Please look into other forum topics as well..
https://buddypress.org/support/topic/bp-could-handle-a-huge-number-of-members/
https://buddypress.org/support/topic/what-about-i-got-10-million-users-or-more/
Personally, I think BP supports thousands of users. There are few BuddyPress sites with abounding users. You just need a good server and a good database space.
Do you think Buddypress can support hundreds of thousands, if not millions of users?
In theory, yes, BuddyPress can handle millions of users. BuddyPress will add rows to the database without problem, and that database can scale to a very large size.
In practice, there are things that might have an impact on that. Your hardware will play a big role. For example, will a million users all be logged in at the same time, each posting a video clip or large image?
@ch1n3s3b0y Hi there, im gonna chime in on this as im starting to believe that buddypress can most definately scale vary well (even though its not been proven yet to scale to say a million users+ i think its quite possible), as henry may remember from previous threads i have commented in i have decided to look into the ultimate server configurations to try and find the best way to actually move forward into my own buddypress build.
This has meant concentrating and learning about lots of different server configurations for the past couple of years in-between my other projects.
Do you think Buddypress can support hundreds of thousands, if not millions of users?
Lets just switch this notion right on its head, rather than ask yourself if buddypress can scale to a millon users start asking yourself if your server setup and configuration can scale to a million concurrent users instead.

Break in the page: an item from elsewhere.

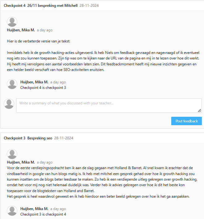 Al deze acties hebben ervoor gezorgd dat ik een helder beeld heb van waar ik momenteel sta met mijn kennis op het gebied van digitale marketing. Achteraf vond ik het in de eerste weken lastig om feedback te vragen, vooral bij groepswerk. Hoewel ik het nog steeds lastig vind, wil ik mezelf in de laatste weken van mijn minor hierin trainen, zodat ik hier sterker in word.
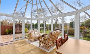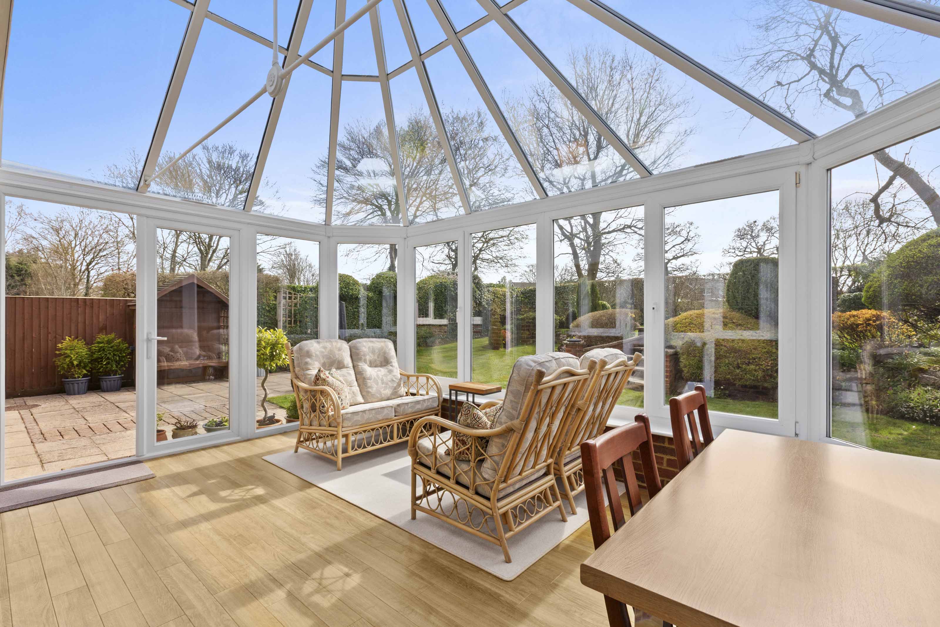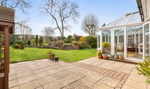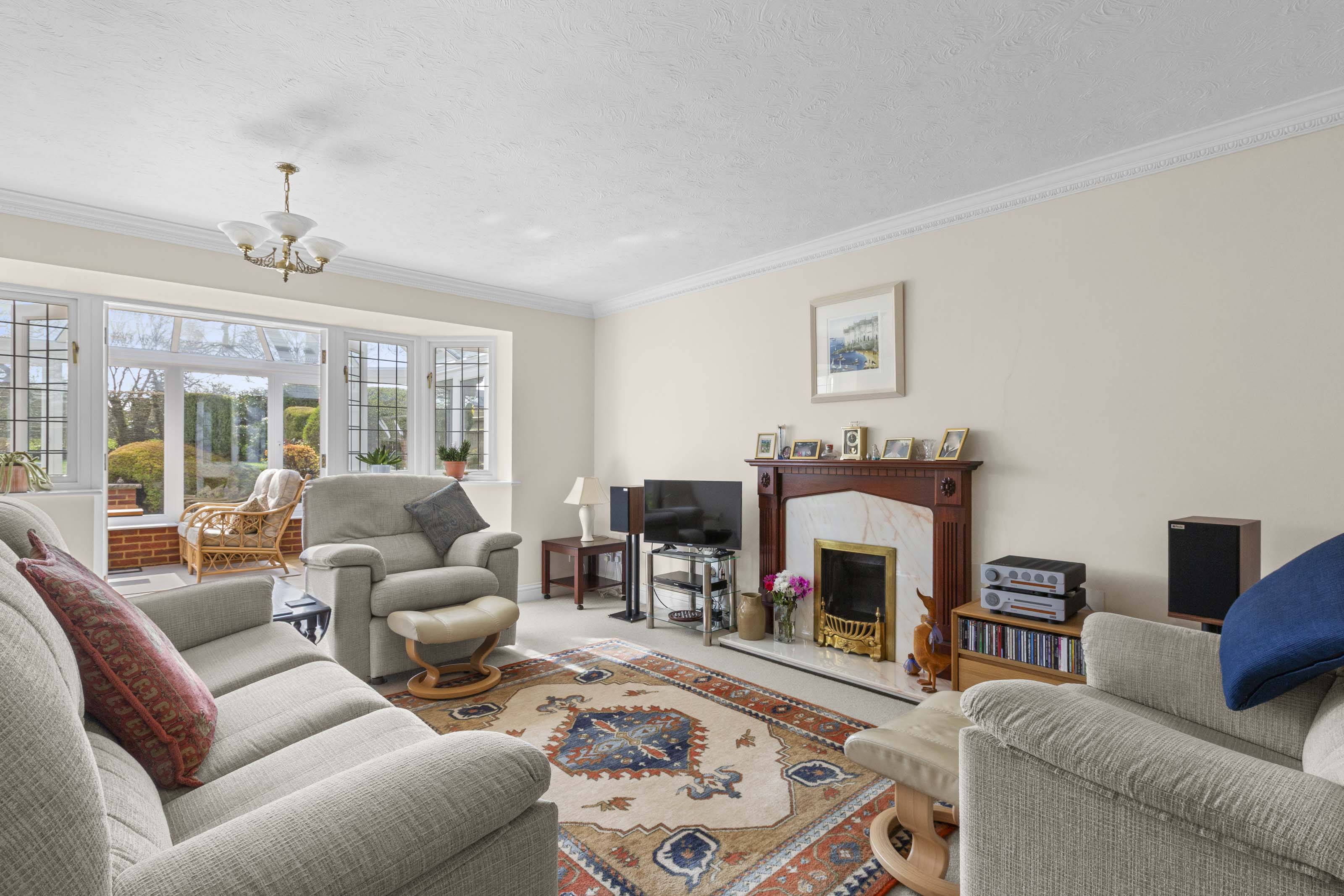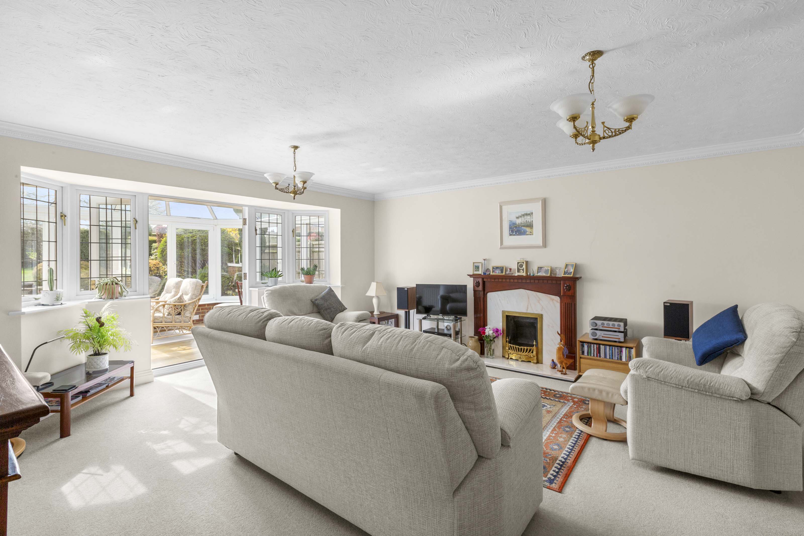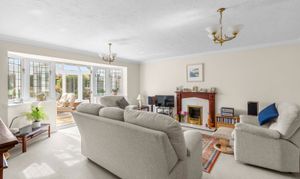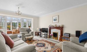 - Spacious sitting room with feature fireplace and French doors leading to a large conservatory

The key to success on a buddypress active and busy site becomes more of a server and administration task rather than how you have buddypress setup on a basic server config (before long you will bottleneck somewhere if you do not setup for expansion).
I know it seems daunting to think about all of this rather than install it build it and launch it and expect it to scale! But to me doing something half hearted isnt the way forward with a serious build on any project. If you prepare and understand the potential problems before you have that killer network built with 100s of thousand of concurrent users its much better to be prepared than to sit back and go NOW WHAT! when you finally grind to a halt and noone can use your site anymore and you dont know how to fix and expand it. Proactive is the way forward.
I am currently testing my buddypress install on one of my servers with nginx and HHVM (hip hop virtual machine) that was created by and is used by facebook instead of standard php, this speeds up the PHP execution speed PHP code is translated into C++ compiled into a binary and run as an executable to really speed up the way php works, therefore making everying load much much much much faster! I have only just started messing around with HHVM and will keep you updated. is anyone else actually running HHVM? if so please do share with me your finding, to me this seems the way forward with any buddypress installed website.
Also as i have stated before once i have decided on my final server configurations and im 100 percent happy with exactly how my setups work with wordpress/buddypress to scale to massive amounts of users i will create a post and guide on how i have it all set up, but still will take me more time yet. and also as stated before if anyone else does want to give there 2 cents on it feel free because on these forums there is not much talk about actual configs that people are using, even though i do realize this is server tech department, i also believe it is a valid issue for buddypress because instead of questions about scalability there could also be a few answers which is my ultimate goal. 😉
@mcpeanut
I am currently testing my buddypress install on one of my servers with nginx
Are you using Nginx with php-fpm? I’ve been tempted to do that for BuddyPress. It’d mean moving all of my .htaccess directives to Nginx server blocks but I think the effort would be worth it for the performance improvements.
@henrywright
Are you using Nginx with php-fpm?
Yes that is correct henry, as far as your httacces rules yes you will need to convert them to work with nginx as it does not use them, otherwise things like permalinks will not work straight off.
I would suggest looking into using HHVM too if your gonna check out nginx as it would be a perfect time for you to test it out.
Here are a few links below you should read about hhvm and nginx
hxxp://hhvm.com/
hxxps://en.wikipedia.org/wiki/HipHop_Virtual_Machine
hxxps://bjornjohansen.no/hhvm-with-fallback-to-php
hxxps://github.com/facebook/hhvm/wiki/fastcgi
also please make sure you dont overlook certain things such as this etc
hxxps://nealpoole.com/blog/2011/04/setting-up-php-fastcgi-and-nginx-dont-trust-the-tutorials-
check-your-configuration/
change the xx to tt in links couldnt get them to post, ive tried posting this 4 times so i will leave it as it is haha but im sure you can get to the links 🙂
Thanks for the links @mcpeanut, I’ll check out HHVM!